Dataset content
--
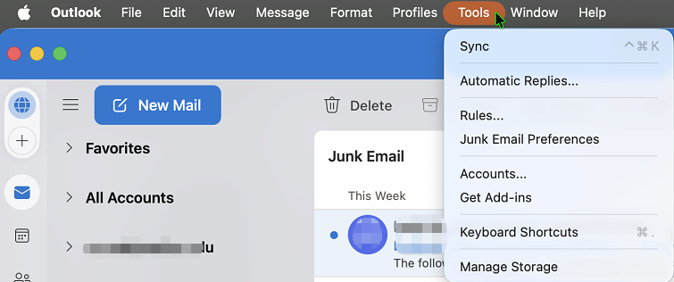- From the top menu bar, select Tools > Junk Email Preferences.
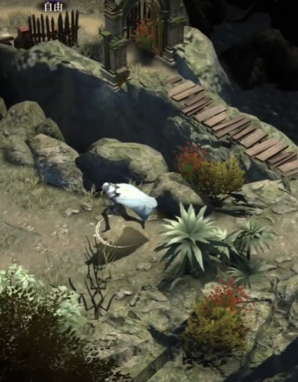 依据地图残页上的标记,下一步需前往地图右下角寻找墓碑。该墓碑坐落于一片矮灌木丛边,周围散落着数个木箱。与墓碑互动时会出现两个选项,“搜索”可获取基础材料资源,并可在碑文上发现一段隐秘文字,提示玩家需前往附近的塔楼解除某种咒语。塔楼位置在墓碑西北侧的小型高地之上,顶部悬挂着一个破损的铃铛。进入塔楼后需操作机关完成解咒流程,此过程要求角色具备足够高的魔力值。若当前魔力不达标,则需返回调整装备或提升等级。成功解咒后,塔顶铃铛会发出响声,同时一道淡蓝色光束自远处射出,明确指示祭坛方位。沿着蓝光行进数百米,即可抵达最终目标——烈风峡谷中的神秘祭坛。
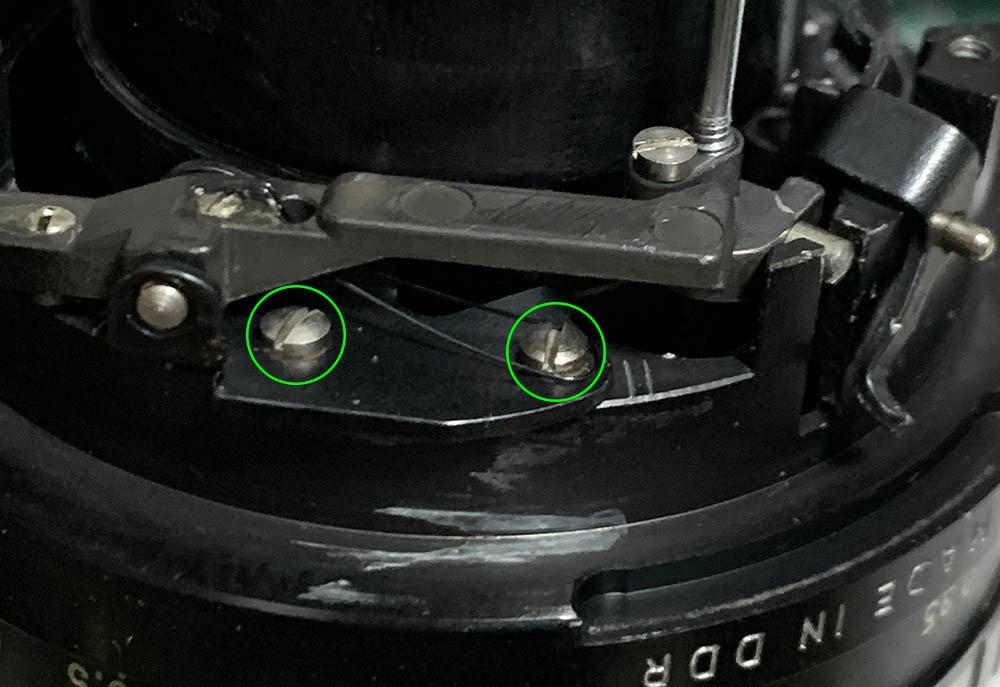 Carefully note the position of this damper then extract its screws. This is adjustable so the iris mechanism will be able to close-down correctly to the right diameter.
--
Task goal
Every line above goes into your copy exactly; no images go in.

Task answer
- From the top menu bar, select Tools > Junk Email Preferences.
 依据地图残页上的标记,下一步需前往地图右下角寻找墓碑。该墓碑坐落于一片矮灌木丛边,周围散落着数个木箱。与墓碑互动时会出现两个选项,“搜索”可获取基础材料资源,并可在碑文上发现一段隐秘文字,提示玩家需前往附近的塔楼解除某种咒语。塔楼位置在墓碑西北侧的小型高地之上,顶部悬挂着一个破损的铃铛。进入塔楼后需操作机关完成解咒流程,此过程要求角色具备足够高的魔力值。若当前魔力不达标,则需返回调整装备或提升等级。成功解咒后,塔顶铃铛会发出响声,同时一道淡蓝色光束自远处射出,明确指示祭坛方位。沿着蓝光行进数百米,即可抵达最终目标——烈风峡谷中的神秘祭坛。
 Carefully note the position of this damper then extract its screws. This is adjustable so the iris mechanism will be able to close-down correctly to the right diameter.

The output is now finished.